Answering bots yap on how much the company values your business, then apologizes for your inconvenience, warns you to pay attention as “their options have recently changed,” flings you back into menu and puts you on hold, prisoner to whatever God awful sound mix they choose or even worse, subjects you to loud, non-stop sell about new products and services. If you do fall for their suggestion to leave a “call-back number,” sometime in the future you may (or may not) receive a call from a robot who will fling you back into the menu options.
If i could track down a CEO, sit him/her in a straight-backed chair, and tell him what we want, here’s what I’d say:
Hire enough people to man the phone lines.
Hire employees who have some slight interest in people.
Impress on them that they are the face and voice of the company.
Get rid of those auto-answering, robocalling, menu-driven, “Customer Service” lines and put a person behind the desk.
Stop lying about your “recently changed menu options.” We know that you don’t want us to keep pressing “0” in hopes that we’ll reach a human.
Kill the, “We are currently experiencing higher-than-normal call volumes.” Just hire enough people to man the phone lines!
Here’s my new favorite New York Time’s recipe:
Curried red lentils with sweet potatoes and spinach
3 tablespoons olive oil or coconut oil
2 medium sweet potatoes, peeled and cut into 3/4-inch cubes
1 medium yellow onion, chopped
2 tablespoons Thai red curry paste
3 garlic cloves, minced
1 tablespoon grated ginger
1 seeded serrano chile, minced
1 teaspoon ground turmeric
1 cup red lentils, rinsed
4 cups chicken stock
2 teaspoons kosher salt, plus more to taste
1 (13-ounce) can full-fat coconut milk
1 (4- to 5-ounce) bag baby spinach
1 lime, juiced
Garnish with chopped cilantro, toasted unsweetened coconut flakes
In a Dutch oven or pot, heat 2 tablespoons olive oil over medium-high. Add the sweet potatoes and cook, stirring occasionally, until browned all over, 5 to 7 minutes. Transfer the browned sweet potatoes to a plate and set aside.
Add the remaining 1 tablespoon olive oil to the pot and set the heat to medium-low. Add the onion and cook, stirring occasionally, until translucent, 4 to 6 minutes. Add the curry paste, garlic, ginger, chile and turmeric, and cook until fragrant, about 1 minute.
Add the lentils, stock, salt and browned sweet potatoes to the pot and bring to a boil over high.

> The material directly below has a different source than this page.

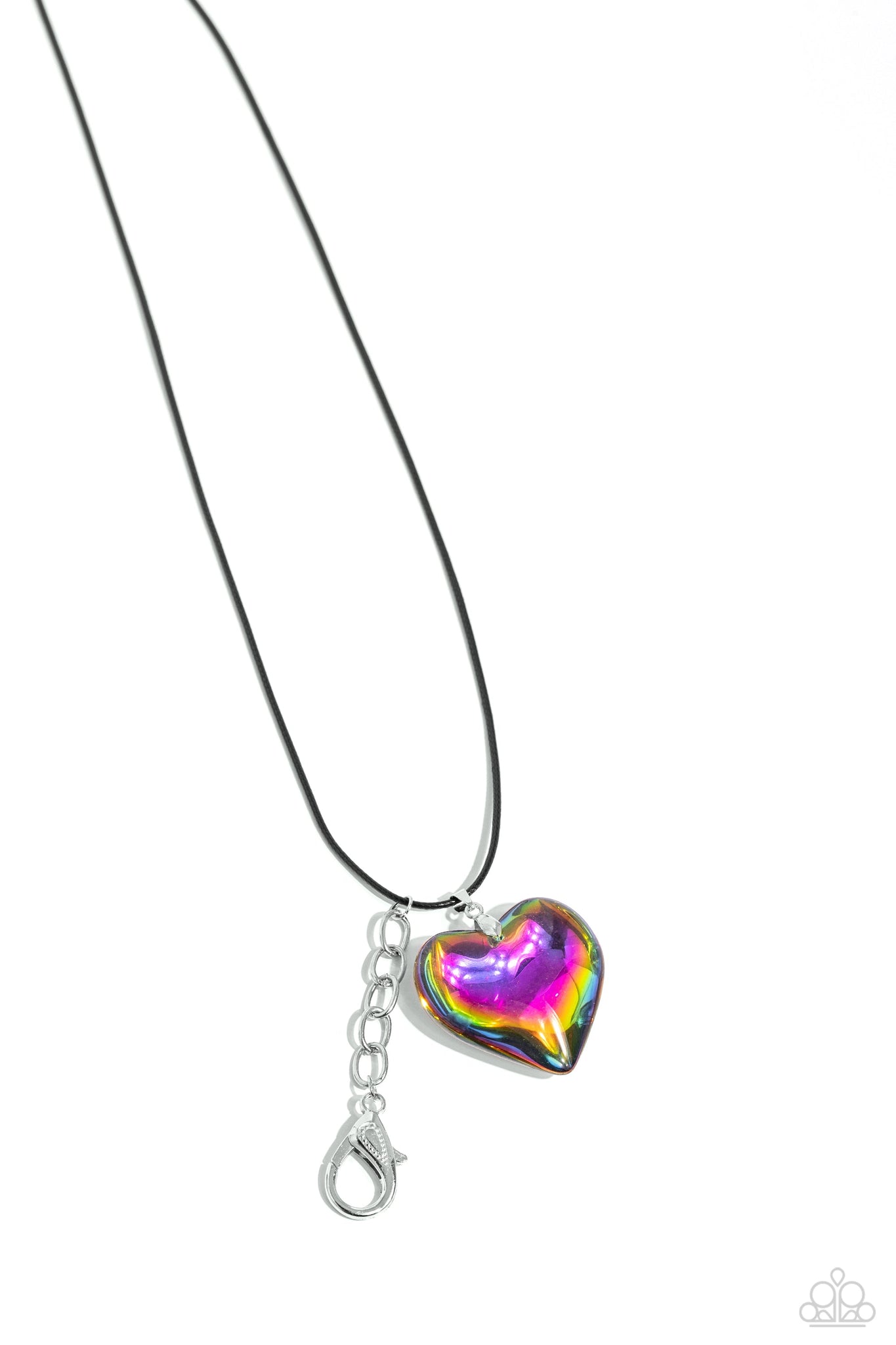 Wrapped in an oil spill finish, an oversized heart pendant glides along a lengthened strand of black cord across the chest for a stellar flair. A lobster clasp hangs from the bottom of the design to allow a name badge or other item to be attached. Features an adjustable clasp closure.

Lower the heat and simmer, uncovered, stirring occasionally, until the lentils are just tender, 20 to 25 minutes.
Add the coconut milk and simmer, stirring occasionally, until the liquid has reduced and the lentils are creamy and falling apart, 15 to 20 minutes.
Add the spinach and stir until just wilted, 2 to 3 minutes. Off the heat, stir in the lime juice and season with salt to taste. Garnish with cilantro and coconut flakes.

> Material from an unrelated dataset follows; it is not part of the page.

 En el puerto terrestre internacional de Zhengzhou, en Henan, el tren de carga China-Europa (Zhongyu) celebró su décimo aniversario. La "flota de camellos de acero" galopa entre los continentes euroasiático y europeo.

You’ve just gotta listen to this week’s music video.
Blake Shelton Garth Brooks, Dive Bar
I ate my first enchilada in the late 60s at the Half Moon Inn. The Half Moon, three dramas short of a dive bar, was a neighborhood tavern across the street from the stockyards in Sioux City, Iowa. Somehow children were allowed, so we took our son and daughter, two and six, and met high school friends who brought their nine year old son. The kids played on the floor among the peanut shells, with the ruckus of pool cues, loud voices, and jukebox rock and roll playing in the background.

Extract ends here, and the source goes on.